Currency Hedging in International Investing: Smart Investing or Just Smart Marketing?

Investing internationally has never been easier, especially if you don’t want to invest directly in a foreign market. Today, US investors have an enormous range of mutual fund, ETF and ADR options from which to choose. However, when making a foreign investment it’s important to know that, unless currency hedging is employed, returns depend not only on the performance of the investment but also on the currency exchange rate. Continue reading

Currency HedgingInvesting internationally has never been easier, especially if you don’t want to invest directly in a foreign market. Today, US investors have an enormous range of mutual fund, ETF and ADR options from which to choose. However, when making a foreign investment it’s important to know that, unless currency hedging is employed, returns depend not only on the performance of the investment but also on the currency exchange rate. To understand this, imagine you buy shares in a Brazilian company. Time passes and the share price has gone up 5%. But at the same time the value of the real, the Brazilian currency, has depreciated 10%. Since the Brazilian shares, and any returns, are denominated in real, and must be converted to dollars, the value of your Brazilian investment has declined. Instead of a gain, you have a loss. This foreign exchange (“FX”) risk is the risk that the currency of a foreign investment will decline in relation to the value of the US dollar (or, said another way, that the US dollar will appreciate relative to the value of the currency of the foreign investment).
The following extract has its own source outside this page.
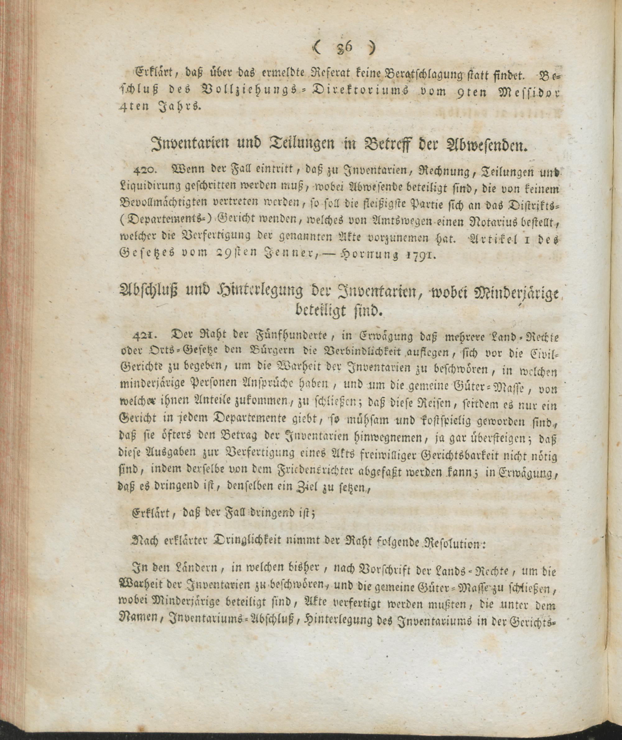 Verw,Forts,4. Auszug aus dem Register der Beschlüsse des Regierungs-Kommissars in den vier neuen Departementen des linken Rhein-Ufers ; Mainz den 9ten Thermidor, 7ten Jahres der untheilbar-vereinten Franken-Republik : Fortsetzung der Verwaltungs-Ordnung

To protect against currency or exchange risk, a US investor can hedge using various FX products such as forward currency contracts, swaps and options. These products allow an investor to lock in an exchange rate and thereby minimize the effect of currency fluctuations. Recently, many ETF and mutual fund companies have begun to use FX products and strategies to reduce the effect of currency volatility in their international offerings. BlackRock’s iShares web site says that this allows investors to “take command of currency risk.” WisdomTree’s website says that by hedging currencies their ETFs allow investors to “participate more fully in the local equity returns of international markets.”  Vanguard urges “investors to consider fully hedging their portfolios’ fixed income allocation” and “investors should consider hedging at least a portion of the foreign-currency exposure within their equity allocation.”

Sounds good. But everything has a cause and effect, not to mention a cost. Is currency hedging really a good idea for investors with international investments?

A brief review of the information available online indicates the following:

• Currency hedging helps returns when the US dollar is rising. But when the dollar is falling, unhedged does better.

• Short-term changes in exchange rates are difficult, perhaps impossible, to predict. In the long run, currency swings even out.

• Studies seem to indicate that hedging reduces short-term volatility. This may be particularly beneficial for those investing in international bonds. In the long-term, however, it’s not clear that currency hedging reduces volatility, especially in equity investing.

• Hedging costs, which cuts into returns. Hedging costs more in times of economic uncertainty and stress, often exactly when hedging may be most desirable.

• Currency hedging makes it easier to track the local return of an international equity index.

• Long-term, unhedged international stock and bond portfolios perform better than hedged international stock and bond portfolios.

• Currency exposure means greater volatility and greater diversification.

• Hedged foreign investments have a higher correlation with US investments than un-hedged foreign investments.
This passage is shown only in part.